Я делаю шаг вперед, пожимаю руку председателю, чувствуя, что делаю это чуть подобострастно… Как уже всосалась в меня эта рабская приниженность! Ну, ничего: скоро все выветрится — по дороге, на морозе…
«Побриться надо, — говорит председатель. — И помыться. Там будет комиссия…»
Когда я выхожу в коридор, меня сразу обступают. Местные и приезжие: русские, хохлы, немцы, евреи, греки, чеченцы, казахи — весь наш колхозный интернационал. Все они пришли сюда оформлять обмен пшеницы на мануфактуру. Все с утра в очереди. Все возбуждены, веселы, нетерпеливы. Товары-то в магазине есть — вчера привезли, но неизвестно: всем ли хватит. А председатель еще не начинал приема, потому что занимается призывниками.

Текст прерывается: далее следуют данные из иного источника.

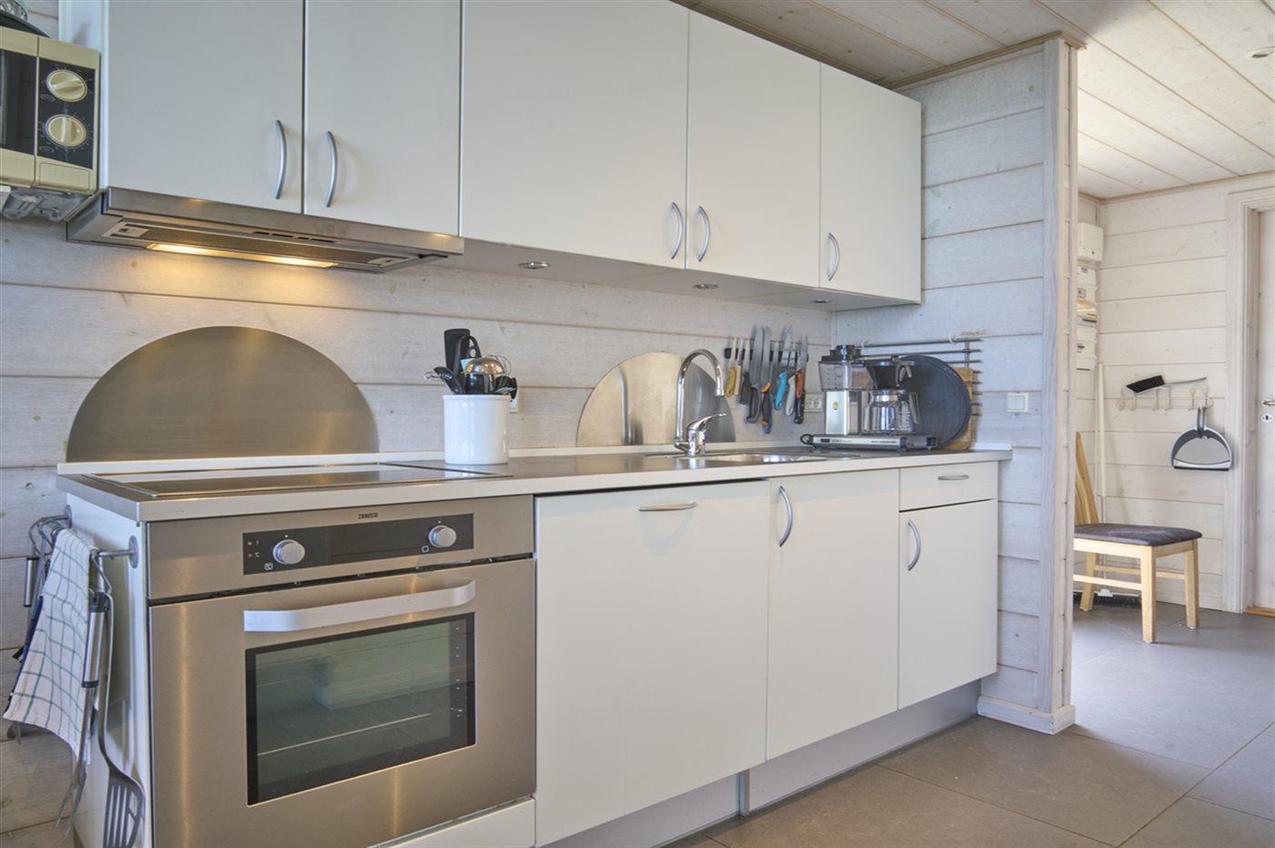 Das Ferienhaus ist gut gestaltet mit einer hellen und modernen Einrichtung. Die Küche ist mit dem Wohnzimmer kombiniert, von dem aus du auf die Terrasse mit Gartenmöbeln und Grill gelangst. In allen Räumen gibt es Fliesenböden und Fußbodenheizung.

На мгновение я приковываю внимание окружающих — все смотрят на меня с подозрением, — никто не считает меня призывником, думают, я госзакуп оформил:
«Что — получил?»
«Выписал?»
«Как это ты хитро прорвался! Незаметно!»
«Сколько бязи выписали?»
Но я ошеломляю всю очередь:
«Я повестку получил — в армию!»
«На трудфронт?»
«На какой трудфронт? В действующую!»
Общий вздох удивления:
«Врешь! Покажи!»
Достаю повестку — она обходит множество рук…
«Бедный! Убьют его тама», — слышу я жалостливый женский голос.
«Ничего не убьют! — думаю вдохновенно. — Я там человеком стану!»
Когда я готовился дома к отъезду — Эмилия пекла мне хлеб, — пришел Барило и предложил отдать ему за две пары белья и полушубок причитавшуюся мне на трудодни пшеницу — около пятисот килограммов… Я согласился: «На кой черт мне теперь эта пшеница», — думал я. Еще я отдал ему свою овцу, тоже на трудодни полученную.
На другой день утром я радостный и гордый уехал с двумя казахами в райцентр — в военкомат… но через три дня вернулся с позором! Казахов взяли, а я вернулся…
— Это еще почему? — спрашивает Лида. — Болен был, что ли?
— Говорил же тебе: здоров как бык! Закавыка одна только, понимаешь, из-за того туда и попал в начале войны… мать-то у меня действительно немка…
— Вот тебе раз! — выдыхает Лида. — Бедненький! А я думала — ты еврей… черненький такой, кудрявый… — она погладила его по волосам. — Соврать-то не смог?
— В том-то и дело: не научился еще тогда врать…
— А отец?
— Отец русский. Я нажимал на это, не помогло: военком прямо сказал: «Поймите, Семенов, если я вас возьму — на первой же станции снимут с эшелона, а мне головы не сносить!» Хороший был человек, рука на перевязи, раненый с фронта пришел… Да тут еще всплыло: отец у меня погиб в известные годы — слыхала о таких? Теперь ты небось разлюбишь меня! — кончил он зло.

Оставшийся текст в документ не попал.